Apache Spark – implicits object (Implicits Conversions)
In the SparkSession class there is one object defined as implicits, which extends SQLImplicits abstract class. So once we have SparkSession instance available we can import implicits.
import org.apache.spark.sql.SparkSession
val spark: SparkSession = SparkSession.builder()
.master("local[1]")
.appName("learn")
.getOrCreate()
import spark.implicits._
SQLImplicits – A collection of implicit methods for converting common Scala native objects or RDD into DataFrame/Datasets through implicit Encoders. See below examples implicits methods:
localSeqToDatasetHolder
Convert a local sequence to Dataset/Dataframe.
Method Signature:
implicit def localSeqToDatasetHolder[T](s: Seq[T])(implicit evidence$7: Encoder[T]): DatasetHolder[T]
Input: Seq[T], implicit Encoder[T] Ouput: DatasetHolder[T]
DatasetHolder is created implicitly when localSeqToDatasetHolder/rddToDatasetHolder implicit conversions is used.
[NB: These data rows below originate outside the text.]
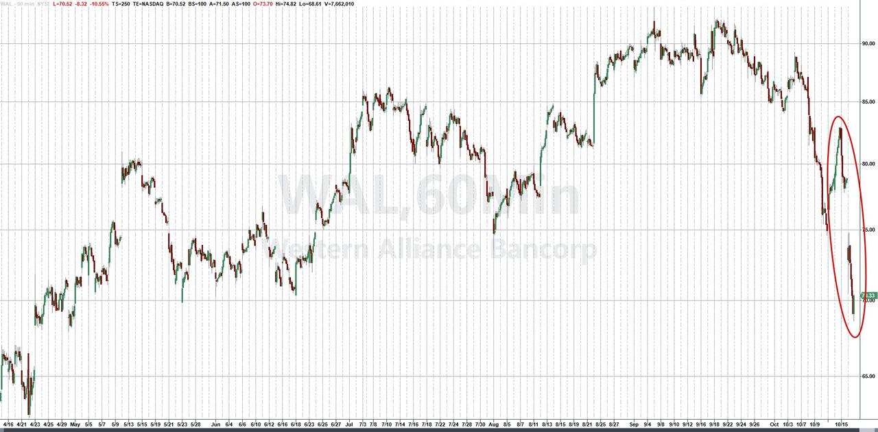 另一家区域性银行Western Alliance周四也重挫逾10%。股价下跌前,Western Alliance宣布就向Cantor Group V LLC实体提供的循环信贷额度提起诉讼,以追回约1亿美元,并指控“借款人存在欺诈行为”。这家总部位于亚利桑那州凤凰城的银行表示,在最近提交了一份同行银行8-K文件后,正在提供有关其一项信贷关系的更多信息。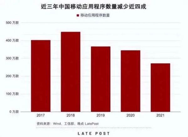 美国《连线》杂志网站当时发表文章称:“中国创新已超越其“快速跟进”名声。正以各种方式定义搜索、商业、社会、娱乐和广告等市场。中国的社交信息用户多于美国人口,科技巨头深知信息的价值,正密切关注用户如何通过手机交流。在中国,移动电商用户能通过手机管理其资金、打车,甚至投资货币市场基金。而在美国,此类活动远未像中国这样普及。”但随着后来4~5年,互联网公司的头部格局逐步形成,除了头条系通过抖音在互联网流量池中撕开了一道口子之外,流量红利以及创业空间正在肉眼可见的消失,留给其他玩家脱颖而出的机会越来越少。2018年是一个关键的时间拐点,根据晚点 LatePost的数据显示,从2018年之后到2021年,应用数量阶段性下行,到今年 10 月底只剩下 272 万款,净减少约四成移动应用。
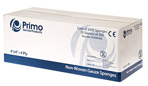 Primo Dental Products GNW400 Gauze Sponges, Non-Woven, 4" x 4", 4-ply (Pack of 2000)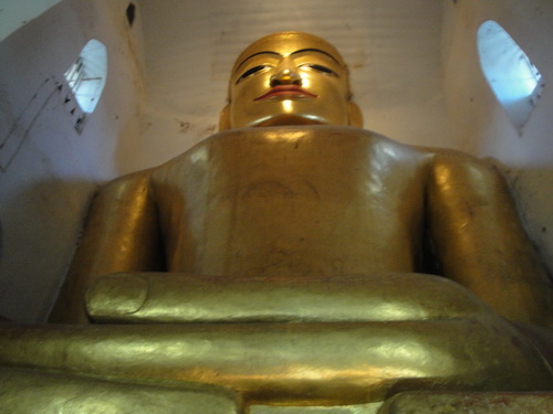 ... ภายในพระวิหาร ประดิษฐานพระพุทธรูปอยู่ 3 องค์ ซึ่งองค์พระพุทธรูปนั้นมีขนาดมโหฬาร บริเวณ"พระอุระ" ของพระพุทธรูปมีขนาดโตพองจนรู้สึกได้ถึงความอึดอัดที่ทับถมในจิตใจของพระองค์ (พระเจ้ามนูหะ(King Manuha) กษัตริย์มอญที่ถูกจับตัวมาเป็นเชลยศักดิ์อยู่ที่เมืองพุกามพร้อมมเหสี )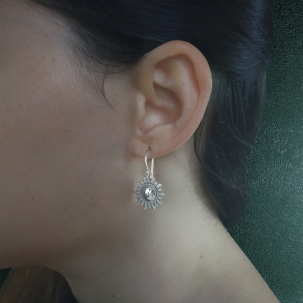 Ces boucles reprรฉsentent une constellation au milieu d’un miroir en forme de soleil. Ce bijou est de fabrication artisanale Franรงaise, en argent 925โฐ.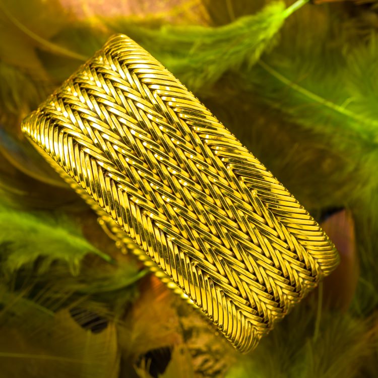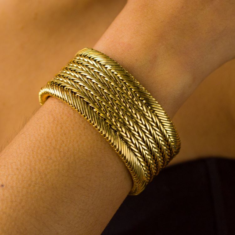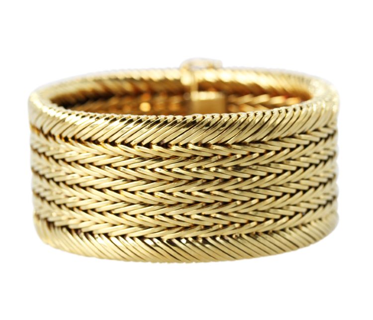 Incredibly well made solid 18 karat yellow gold bracelet, 7 1/2 inches long, 1 1/4 inches wide, very heavy weighing 160 grams. Details -Marked 0.750 with indistinct makers mark -Length 7 1/2 inches, width 1 1/4 inches, 160.5 grams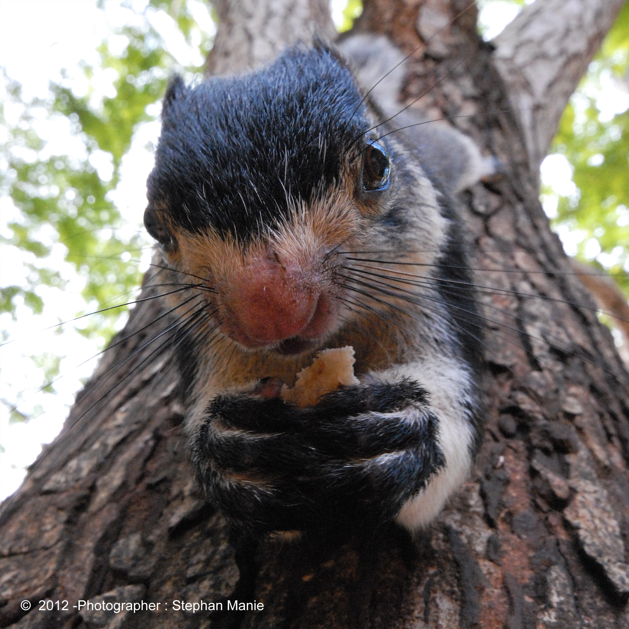 Tijdens onze klimtocht op de leeuwenrots in Sirigia zien we een Ratufa Macroura; een Sri Lankaanse reuzen eekhoorn die ons nieuwsgierig aankijkt. Mijn camera met een 10mm groothoek bevestig ik aan de boomstam en heb wat broodkruimels op de body gelegd. Ondertussen genieten we van het uitzicht en pauzeren we even, aangezien ons nog een hele klim wacht.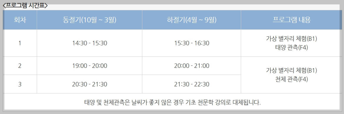 ※ 천문대 사정에 따라 변경될 수 있습니다.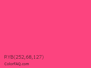 RYB 252,68,127 Color is a light rose color and the nearest color is Sasquatch Socks #ff4681. Hex code #fc447f and RGB value is rgb(252,68,127). In RGB color space, this color is composed of 99% red, 27% green, 50% blue, In CMYK color space, this color is composed of 0% cyan, 73% magenta, 50% yellow , 1% black , In HSL color space, this color has a hue angle of 341° , 97% saturation and 63% lightness.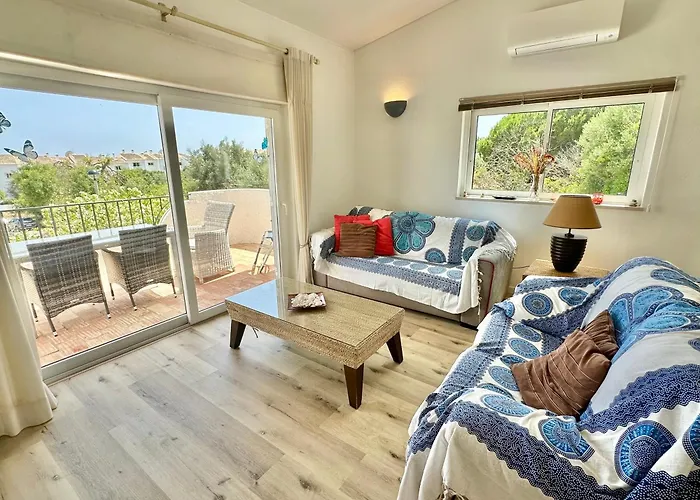 La villa de 120 m^2 Villa Vila Vista Luz se trouve à moins de 10 minutes en partant de Golf d'Espiche et dispose du parc aquatique, le terrasse et ces chaises longues. Un patio, un balcon et un espace de repas sont à l'honneur dans les chambres de la villa.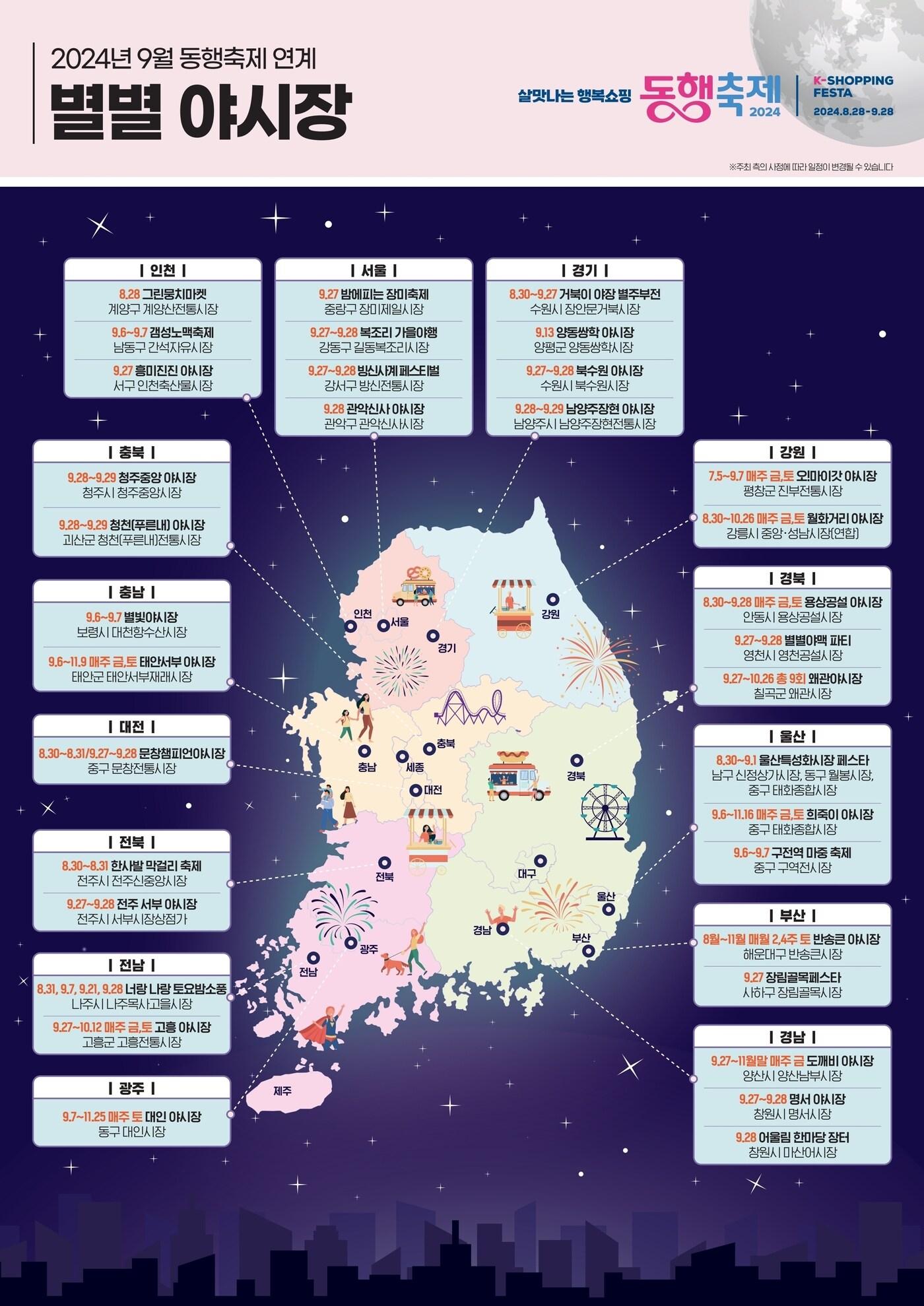 소상공인 행복상회·슈퍼마켓 할인전 등 전개해 소비자 참여 유도9월 4~18일 전국 500여 전통시장 참여하는 '온라인 특별전' 개최소상공인시장진흥공단 제공관련 키워드동행축제9월동행축제소진공중기부중소벤처기업부박성효퍼스트클럽정책장도민 기자 CDMO 투자전쟁 2라운드…삼성·SK·롯데, 올해 '제조 패키지' 경쟁현대바이오, 호흡기 바이러스 질환 바스켓 2상 FDA 신청한다

DatasetHolder has toDS and toDF methods that simply return the Dataset[T]/DataFrame depending on what method has been used toDS/toDF.
DatasetHolder – Case Class Implementation:
case class DatasetHolder[T] private[sql] (private val ds : org.apache.spark.sql.Dataset[T]) extends scala.AnyRef with scala.Product with scala.Serializable {
def toDS() : org.apache.spark.sql.Dataset[T] = { ... }
def toDF() : org.apache.spark.sql.DataFrame = { ... }
def toDF(colNames : _root_.scala.Predef.String*) : org.apache.spark.sql.DataFrame = { ... }
}
Example Seq.toDF():
In this example we have sequence of tuples, then we convert it to dataframe using toDF. Implicitly it uses the localSeqToDatasetHolder & encoder.
Recommended by LinkedIn
import org.apache.spark.sql.SparkSession
object Learn {
def main(args: Array[String]): Unit = {
val spark: SparkSession = SparkSession.builder()
.master("local[1]")
.appName("learn")
.getOrCreate()
val localSeqData = Seq(("James","16"),("Michael","26"),("Robert","30"))
import spark.implicits.{newProductEncoder,localSeqToDatasetHolder}
val df = localSeqData.toDF()
df.printSchema()
df.show()
}
}
rddToDatasetHolder
Convert a RDD to Dataset/Dataframe.
Method Signature:
implicit def rddToDatasetHolder[T](rdd: RDD[T])(implicit evidence$6: Encoder[T]): DatasetHolder[T]
Example rdd.toDF():
In this example we have sequence of tuples, then we convert it to RDD using parallelize & then to dataframe using toDF. Implicitly it uses the rddToDatasetHolder & encoder.
import org.apache.spark.sql.SparkSession
object Learn {
def main(args: Array[String]): Unit = {
val spark: SparkSession = SparkSession.builder()
.master("local[1]")
.appName("learn")
.getOrCreate()
val localSeqData = Seq(("James","16"),("Michael","26"),("Robert","30"))
val rdd = spark.sparkContext.parallelize(localSeqData)
import spark.implicits.{newProductEncoder,rddToDatasetHolder}
val df = rdd.toDF()
df.printSchema()
df.show()
}
}
newProductEncoder
In both examples we have used newProductEncoder from spark.implicits. As in our local sequence data we have tuples (tuples are subclasses of scala.Product), hence this encoder works fine of this usecase. There are many other encoders present in the spark.implicits. Depending on requirement we can import or we can import everything by giving import spark.implicits._
Implementation of newProductEncoder is present in trait LowPrioritySQLImplicit, which is extended by SQLImplicits.
Method Signature:
implicit def newProductEncoder [T <: Product](implicit evidence$8: runtime.universe.TypeTag[T]): Encoder[T]
It takes input of type T, where type T is bounded to be a subclass of scala.Product. Like tuples and case classes are subclasses of scala.Product. Return Encoder[T] implicitly, which is used in localSeqToDatasetHolder/rddToDatasetHolder.